Implementing A Merkle Tree in C++

Updated The code is now available on github: https://github.com/massenz/distlib.

Introduction

A Merkle Tree is a tree structure where the individual nodes’ hashes are computed and stored in the parent node, so that the hash stored in the root node is the only value that is required to later validate the contents of the tree (stored in the leaves).

Merkle trees are used in the Blockchain and are described in greater detail in Mastering bitcoin (Chapter 7, “Merkle Trees”):

Merkle trees are used in bitcoin to summarize all the transactions in a block, producing
an overall digital fingerprint of the entire set of transactions, providing a very efficient process to verify if a transaction is included in a block.
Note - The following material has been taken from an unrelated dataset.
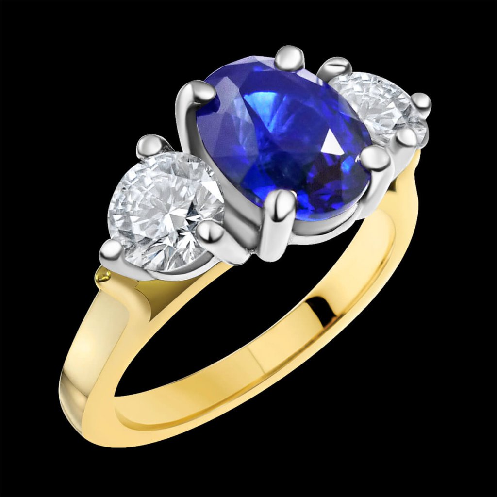 If the Solitaire style ring is not for you, Duo or Trilogy rings are the best alternative when looking for an engagement ring. This can be uniform sized stones, but for that extra special touch, a coloured stone flanked by diamonds either side is truly timeless.

A merkle tree is constructed by recursively hashing pairs of nodes until there is only one hash, called the root, or merkle root.

The cryptographic hash algorithm used in bitcoin’s merkle trees is SHA256 applied twice, also known as double-SHA256.

In the following I will use a Merkle Tree as an example of how to write a template class that takes the hashing function and the resulting hash length as template arguments, along with T the type of the leaf node’s value.

Building a Merkle Tree in C++

The class signature is as follows:

template <typename T, char* (hash_func)(const T&), size_t hash_len>
class MerkleNode {
    ...
}

where hash_func is a function that takes an element of type T and generates a hash made of hash_len chars.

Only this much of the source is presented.